> [RECORDS]:
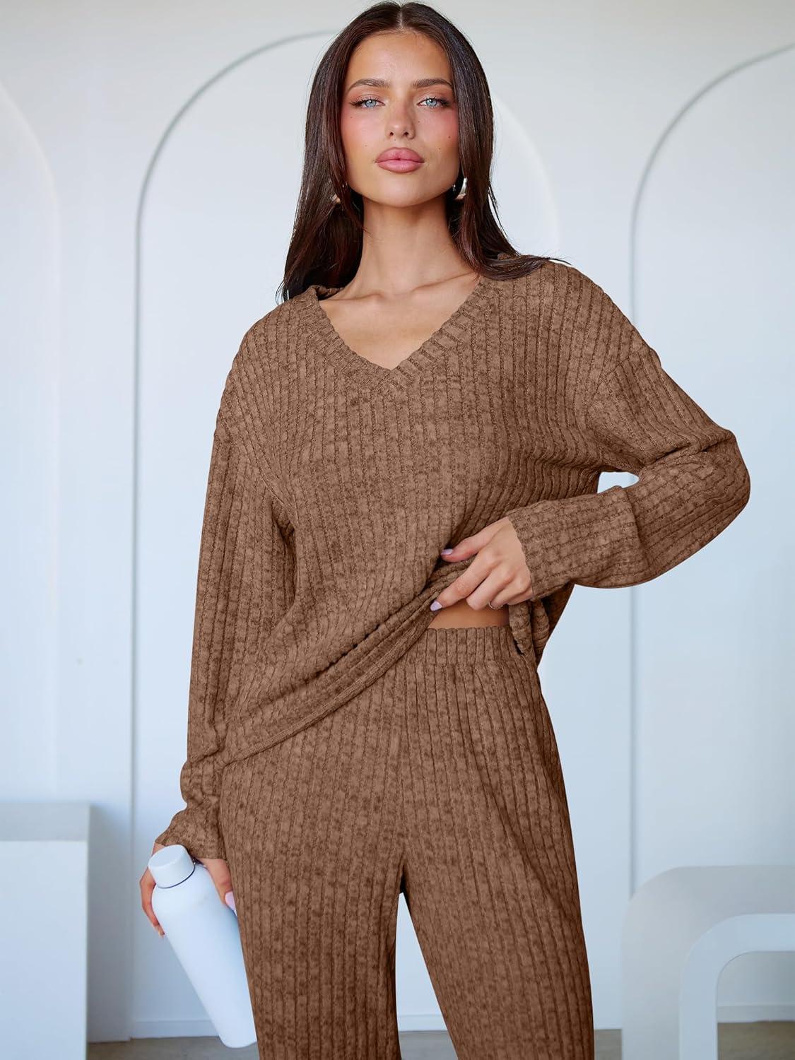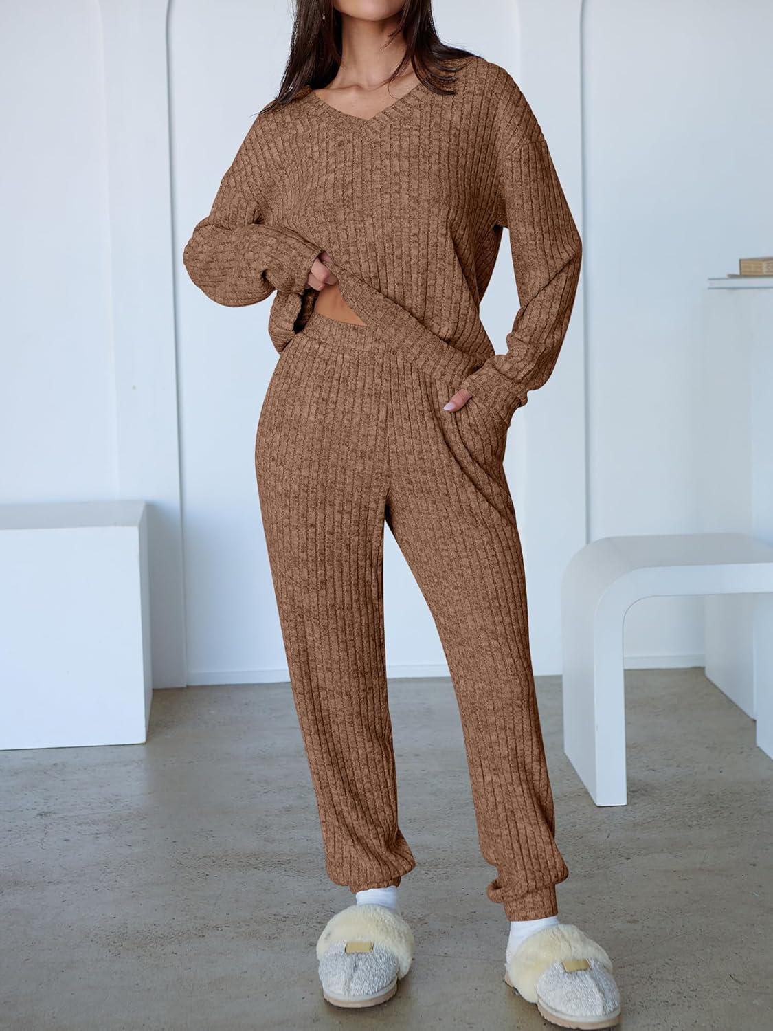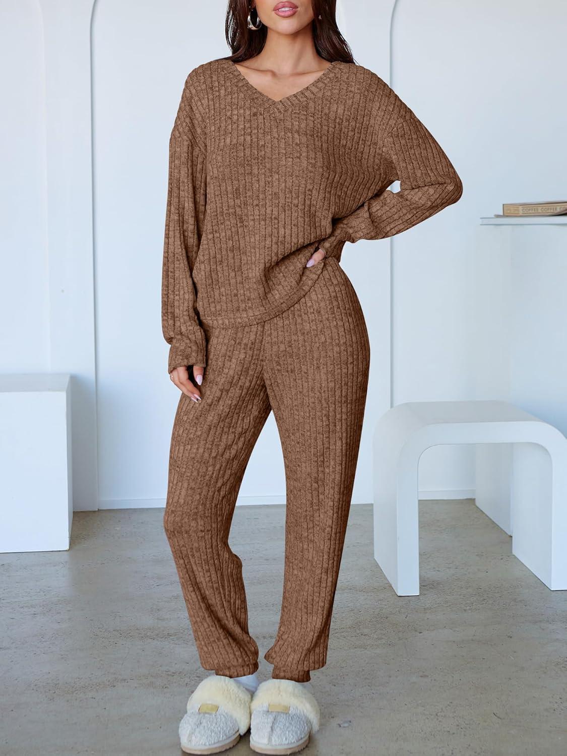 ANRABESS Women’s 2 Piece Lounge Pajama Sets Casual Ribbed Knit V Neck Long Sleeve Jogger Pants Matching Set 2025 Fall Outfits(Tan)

* * *

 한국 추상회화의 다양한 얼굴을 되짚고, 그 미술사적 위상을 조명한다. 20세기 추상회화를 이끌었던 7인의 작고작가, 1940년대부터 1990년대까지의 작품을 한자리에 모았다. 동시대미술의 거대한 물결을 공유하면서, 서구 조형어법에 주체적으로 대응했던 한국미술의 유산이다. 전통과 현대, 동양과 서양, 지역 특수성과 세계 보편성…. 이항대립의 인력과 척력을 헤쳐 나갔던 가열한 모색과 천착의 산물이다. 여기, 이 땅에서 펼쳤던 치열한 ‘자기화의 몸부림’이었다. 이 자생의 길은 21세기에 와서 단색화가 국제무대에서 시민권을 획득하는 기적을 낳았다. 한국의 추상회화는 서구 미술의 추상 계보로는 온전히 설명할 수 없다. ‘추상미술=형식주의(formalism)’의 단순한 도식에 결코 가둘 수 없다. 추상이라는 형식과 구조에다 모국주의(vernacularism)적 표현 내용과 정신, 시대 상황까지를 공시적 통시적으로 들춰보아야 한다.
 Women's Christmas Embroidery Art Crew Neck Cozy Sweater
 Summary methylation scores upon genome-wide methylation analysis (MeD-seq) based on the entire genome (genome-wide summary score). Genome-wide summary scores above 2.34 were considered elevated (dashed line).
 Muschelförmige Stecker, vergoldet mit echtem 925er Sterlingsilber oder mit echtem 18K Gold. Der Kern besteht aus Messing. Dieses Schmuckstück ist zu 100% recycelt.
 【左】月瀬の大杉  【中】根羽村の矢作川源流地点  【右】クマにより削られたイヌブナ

> [TASK BRIEF]: All that belongs in your answer is the stretch of entries above from the line with "한국 추상회화의 다양한" through the line with "Summary methylation scores", printed exactly.

> [RESPONSE FOR THIS EXERCISE]:
 한국 추상회화의 다양한 얼굴을 되짚고, 그 미술사적 위상을 조명한다. 20세기 추상회화를 이끌었던 7인의 작고작가, 1940년대부터 1990년대까지의 작품을 한자리에 모았다. 동시대미술의 거대한 물결을 공유하면서, 서구 조형어법에 주체적으로 대응했던 한국미술의 유산이다. 전통과 현대, 동양과 서양, 지역 특수성과 세계 보편성…. 이항대립의 인력과 척력을 헤쳐 나갔던 가열한 모색과 천착의 산물이다. 여기, 이 땅에서 펼쳤던 치열한 ‘자기화의 몸부림’이었다. 이 자생의 길은 21세기에 와서 단색화가 국제무대에서 시민권을 획득하는 기적을 낳았다. 한국의 추상회화는 서구 미술의 추상 계보로는 온전히 설명할 수 없다. ‘추상미술=형식주의(formalism)’의 단순한 도식에 결코 가둘 수 없다. 추상이라는 형식과 구조에다 모국주의(vernacularism)적 표현 내용과 정신, 시대 상황까지를 공시적 통시적으로 들춰보아야 한다.
 Women's Christmas Embroidery Art Crew Neck Cozy Sweater
 Summary methylation scores upon genome-wide methylation analysis (MeD-seq) based on the entire genome (genome-wide summary score). Genome-wide summary scores above 2.34 were considered elevated (dashed line).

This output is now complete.